[MATERIAL PROVIDED — start]

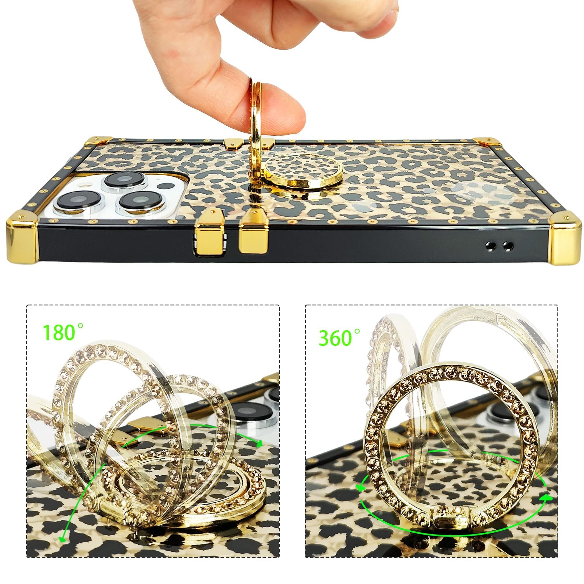 【2022最新】iPhone 13 Pro Maxケース,DMaos指輪ダイヤモンド柔らかい殻,携帯電話ホルダー,iPhone13 Pro Max 6.7吋カバー2021 - ヒョウ
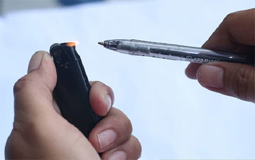 Đưa đầu bút lại gần lửa trong 2–3 giây, tránh để quá lâu. Nhiệt làm tan mực khô, giúp dòng chảy ổn định.
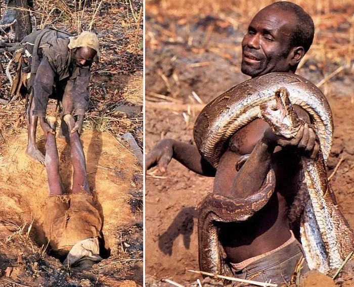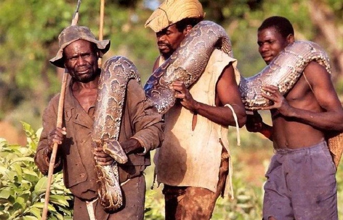 Поймать питона на живца: опасная забава для настоящих африканских мужчин
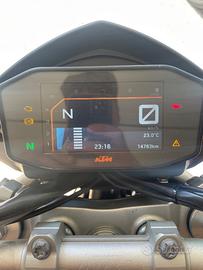 KTM DUKE 690 DEPOTENZIATO 25kw Come da titolo vendo Ktm duke 690 anno 2018 depotenziato da casa madre a 25 kw quindi utilizzabile con patente A2. La moto monta i seguenti accessori: - scarico leovince (cedo anche lo scarico originale) - gomma posteriore sostituita da 1000 km - paramani originali KTM colore nero attualmente non montati - borsa originale porta documenti KTM - antifurto originale KTM con relativo telecomando anche quello di scorta - batteria sostituita nel 2024 La moto ha 14700 km anche se attualmente è in uso per brevi spostamenti quotidiani. Resto a disposizione per ulteriori informazioni o foto.

[MATERIAL PROVIDED — finish]

GOAL OF THE EXERCISE: Your answer must be an exact copy of the lines above, from the line that contains "Поймать питона на" through the final line, with no pictures in it.

EXERCISE RESULT:
 Поймать питона на живца: опасная забава для настоящих африканских мужчин
 KTM DUKE 690 DEPOTENZIATO 25kw Come da titolo vendo Ktm duke 690 anno 2018 depotenziato da casa madre a 25 kw quindi utilizzabile con patente A2. La moto monta i seguenti accessori: - scarico leovince (cedo anche lo scarico originale) - gomma posteriore sostituita da 1000 km - paramani originali KTM colore nero attualmente non montati - borsa originale porta documenti KTM - antifurto originale KTM con relativo telecomando anche quello di scorta - batteria sostituita nel 2024 La moto ha 14700 km anche se attualmente è in uso per brevi spostamenti quotidiani. Resto a disposizione per ulteriori informazioni o foto.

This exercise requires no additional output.